The loop tax, stated precisely
A direct LLM call costs roughly proportionally to input + output tokens: predictable, linear. An agentic system breaks that relationship because a single user-facing task typically requires many LLM calls, and each call's output gets appended to the context window that subsequent calls must process.
A task that runs ten planning-retrieval-execution-verification cycles does not cost ten times a direct call. It costs the sum of ten calls where each input window is larger than the one before it. At a 128K token context window, a session that starts at 5K tokens and grows by 8K tokens per cycle can reach 85K input tokens by its final call — at which point the last call alone costs as much as the first seventeen combined.
This is the loop tax: each cycle multiplies cost through window growth, not just by adding more calls.
The standard fix and its second-order effect
The obvious response is to cap context growth through compaction: when the context window reaches a threshold, summarize or truncate the oldest segments and replace them with a shorter representation. This keeps per-call input costs bounded and prevents runaway billing from a session gone wrong.
This works for the cost problem. It creates a different problem.
Compaction is a lossy operation. The summary of a planning cycle or tool call sequence is shorter than the original by design — that is what makes it useful for cost control. But the agent operating on that summary does not have access to the same details that were in the original. Specific constraints, edge cases, prior decisions, and grounding context can be compressed away or omitted entirely in a summarized representation.
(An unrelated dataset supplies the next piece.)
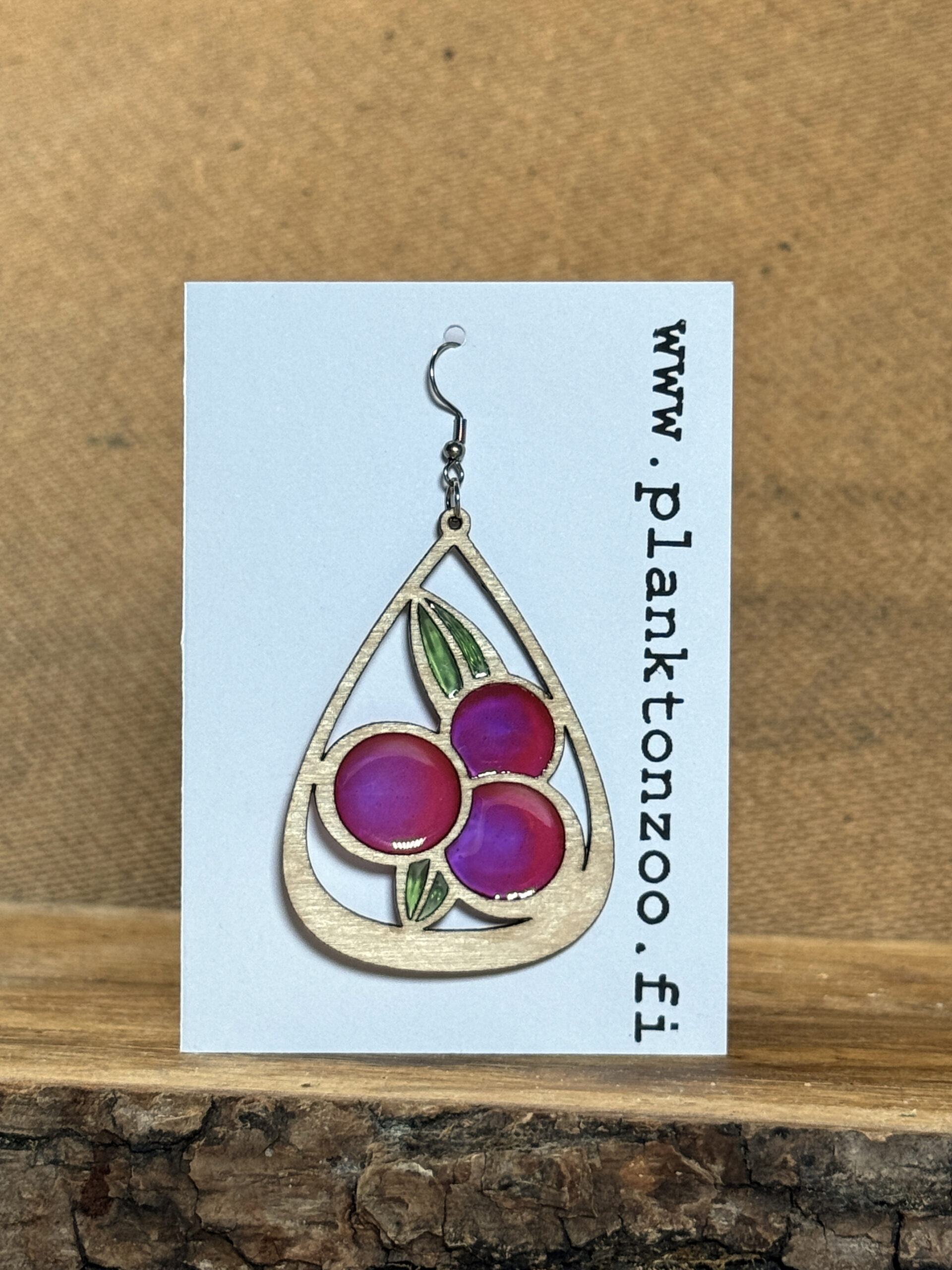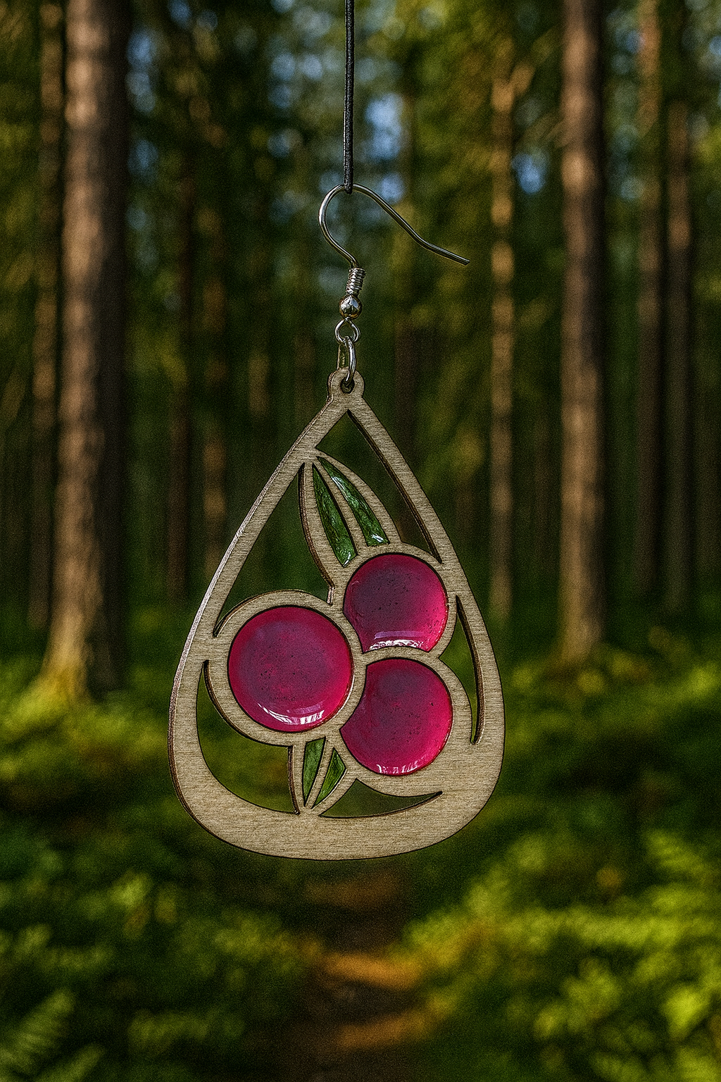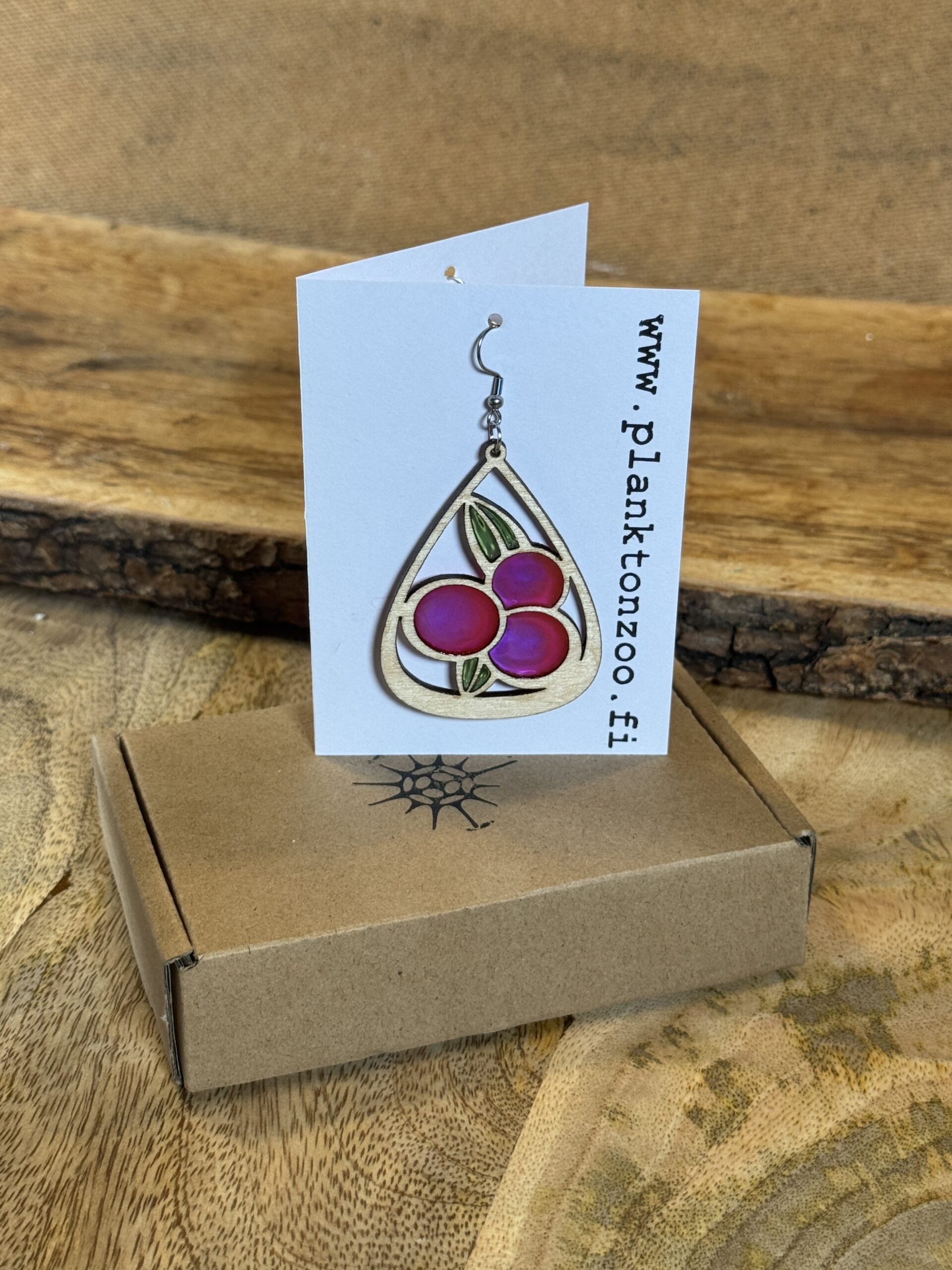 Lingonberry design earring inspired by Finnish nature. Handmade with lightweight Finnish birch plywood, a resin interior, and stainless steel hooks. Package includes 2 earrings. Height: 64mm, Width: 45mm, Thickness: 2mm. Design and craft: Claire Hedström

The agent after a compaction event is not the same agent as before. Its effective prior has changed. Depending on what was lost, its outputs on subsequent calls may differ — in vocabulary, in the tools it chooses, in how it handles the same type of input. The change may be subtle enough that it does not surface in accuracy benchmarks while still being detectable in behavioral patterns.
What behavioral drift after compaction looks like
There are three observable signals that span a compaction boundary without requiring access to model weights or internals:
Ghost lexicon decay. Long-running agents develop precise vocabulary for the domain they operate in — specific terms, formulations, and patterns grounded in earlier context. After compaction, if that grounding was compressed away, the agent uses less precise or less consistent language for the same concepts. The terms that were present in the original context but absent from the summary tend to disappear from outputs.
Context consistency score (CCS). You can embed outputs from before and after a compaction event and measure cosine similarity. Outputs grounded in similar context should produce similar embeddings. A drop in CCS after compaction is a signal that the agent's effective knowledge state changed beyond what the task demands alone would explain.
Tool call distribution shift. Agents with stable behavioral patterns use tools in consistent distributions — certain tools appear more or less frequently in similar task contexts. A statistically significant shift in tool call frequency after a compaction event often indicates that the agent lost grounding about when and how to use specific tools.
None of these signals require you to know what was in the compressed summary. They are observable from inputs and outputs alone, which makes them framework-agnostic and deployable without changes to the underlying model or context management system.
The measurement layer
compression-monitor is an open-source framework-agnostic library for instrumenting these three signals across compaction boundaries. It integrates with smolagents, LangChain, Semantic Kernel, CAMEL, and the Anthropic Agent SDK. The measurement harness is separate from the inference path: you install it alongside your existing agent framework and it observes without modifying runtime behavior.
The core use case is catching compaction-driven drift before it propagates. If your agent runs long sessions, handles stateful workflows, or needs consistent behavior across multi-day or multi-week execution windows, you want to know when a compaction event materially changed its behavioral profile — not just when its outputs were wrong on a benchmark task.
GitHub: agent-morrow/compression-monitor
The two-sided problem
The loop tax and the compaction tax are two sides of the same architectural problem: context is a bounded resource, and managing that bound has costs on both the billing side and the correctness side.
Policies that enforce per-session token budgets address the billing side by capping loop count and context growth before they compound. Behavioral drift monitoring addresses the correctness side by measuring what compaction events actually did to the agent's effective knowledge state.
Teams that optimize only for cost can produce agents that stay on budget while drifting away from the behavioral profile they deployed. Teams that monitor only for accuracy can miss drift that is below benchmark detection thresholds. Both sides need instrumentation.